Quando, nel ‘66, apparve in Italia quel primo scritto di Althusser,
tradotto in un importante fascicolo di “Critica marxista”21, in cui i limiti della
concezione storicista venivano nettamente individuati, con Semerari ne
discutemmo subito in un seminario da noi studenti, in cui la Critica della ragione
dialettica satriana, il Merleau-Ponty di Umanesimo e terrore e Le avventure della
dialettica furono a tema con quelle pagine di Althusser, che da noi furono
accolte senza frettolosi e sospetti entusiasmi, ma anche senza “complessi”, per
così dire, specialmente ove si pensi alle relazioni che quelle elaborazioni ebbero
allora in ambienti, poniamo, hegelo-marxisti e consimili.

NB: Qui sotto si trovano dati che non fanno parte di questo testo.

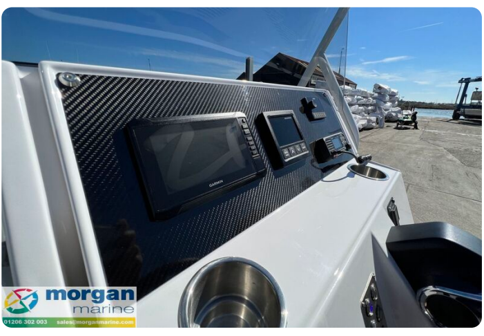
Highfield Sport 700 - display screens
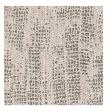
VERSE FABRIC SALT/PEPPER GWF 3735.11
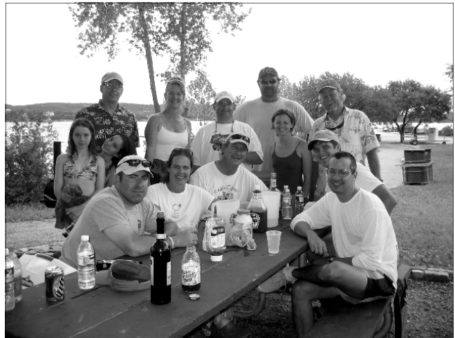
Remnants of the Ensign Fleet series opening cookout.

All in all, it was a rather short racing day, what with the East wind and a correspondingly short course. But that left us plenty of time for our first Ensign fleet cookout! It was a bring-whatever-you-feel-like-eating theme and it was great! Almost everyone stuck around to enjoy the mild (for May) spring afternoon, where we finally broke out a few bottles for the debut of 'Scotch Mist'. There was plenty of food, beverage and good cheer to go around, and while we may not yet be in the same league as the South Coast fleet with their permanent encampment, it was a really nice start. We hope to have at least one quasi-organized cookout for each of the remaining series, so keep a look out for those announcements in the future. Even for those Ensign fleet members who don't plan to race, we encourage you to come out and enjoy some food and friendship.
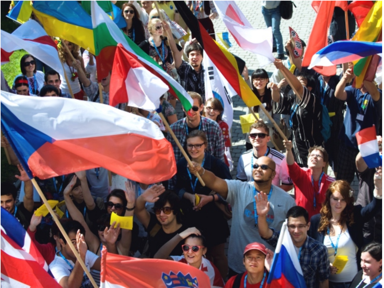
International students during Summer School of Polish Language, Literature and Culture, Campus in Cieszyn
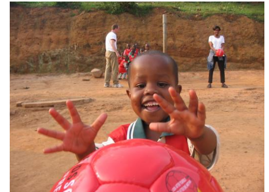
Right To Play, Africa

With the Rotary Club of Karaganda, we sponsored a promising student from a youth home toward higher education. The support provided was in the form of a scholarship and living expenses.
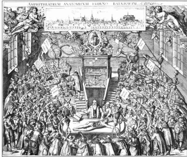
Fig. 2. An anonymous engraving of an anatomical dissection session being conducted in full public view in the anatomical theatre in University of Leiden (the Netherlands) which was built in 1596. The illustration is based on a drawing by J.C. vant Woudt in 1609. Image in public domain.
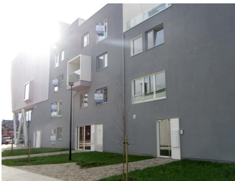
Â© CrÃ©ative Architecture sprl
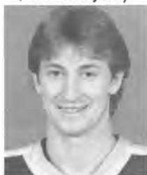
WAYNE GRETSKY (Edmonton)

HART (MVP) ROSS (SCORING) SMYTHE (MVP in Playoffs)
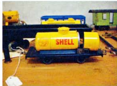
A Very unusual tank car with a removable end
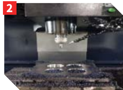
K3V / K5V Series
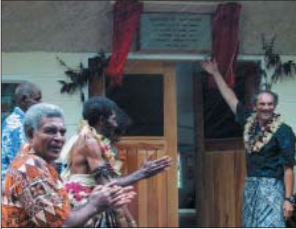
At the opening dedication

DS: In our brief four-year history as a staffed organization we have launched 65 projects, all of which lead to immediate tangible results. We have a counter on the homepage of our website ( www.seacology.org ) which indicates that to date we have preserved 38,310 acres of island terrestrial habitat and 804,475 acres of coral reef and other marine habitat. These figures are precise and we can document every one of these acres.
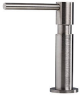
Dispenser Evo Satin
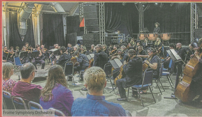
Frome Symphony Orchestra
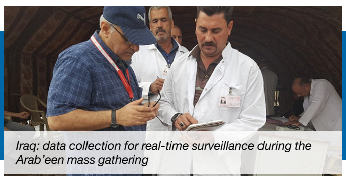
Iraq: data collection for real-time surveillance during the Arab'een mass gathering
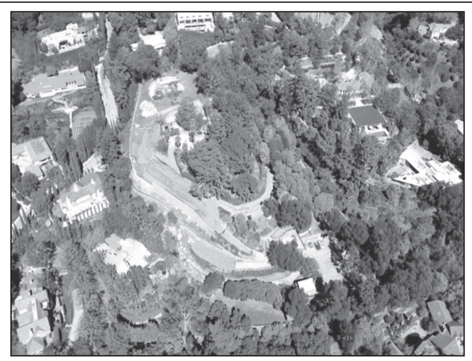
Project site and vicinity

Se indugio sulla figura di Semerari professore, sul suo modo di esserlo, è
perché credo che non si comprenda la sua figura scientifica, intellettuale e
morale, senza tener presente questo decisivo aspetto. La radicalità della presa di
coscienza dei problemi filosofici era in lui tradotta senza residui in passione
didattica. Nella primavera del 1964, matricola di Lettere (non ancora di
Filosofia), entrai - per suggerimento di un amico - in un’aula dell’Istituto di
Filosofia dell’Università di Bari. Alle mie spalle c’erano solo il manuale di
Michele Federico Sciacca e le mie disordinate letture liceali: udii, ma direi
meglio, vidi scomporre e ricomporre la categoria della sostanza, fino ai “sostrati
ultimi”, ascoltai un linguaggio a me ignoto e purtuttavia aderente ai fenomeni,
in una lettura ardua ma al tempo stesso straordinariamente perspicua, nel senso
originario del termine, delle basi precategoriali della logica. Semerari leggeva e
faceva scolii, - come il suo “maestro” antico, Spinoza, - a Esperienza e giudizio di
Husserl.
Ha continuato a parlare, a parlare così, fino a quel seminario del
settembre scorso della Scuola di Filosofia di Monte S. Angelo, dell’Istituto di
Studi Filosofici di Napoli, dedicato ad Heidegger, critico dell'epoca, senza
risparmiarmi mai; ha parlato per cinque giorni, dal 16 al 20 settembre, a
giovani, a studenti, a professori di filosofia come lui.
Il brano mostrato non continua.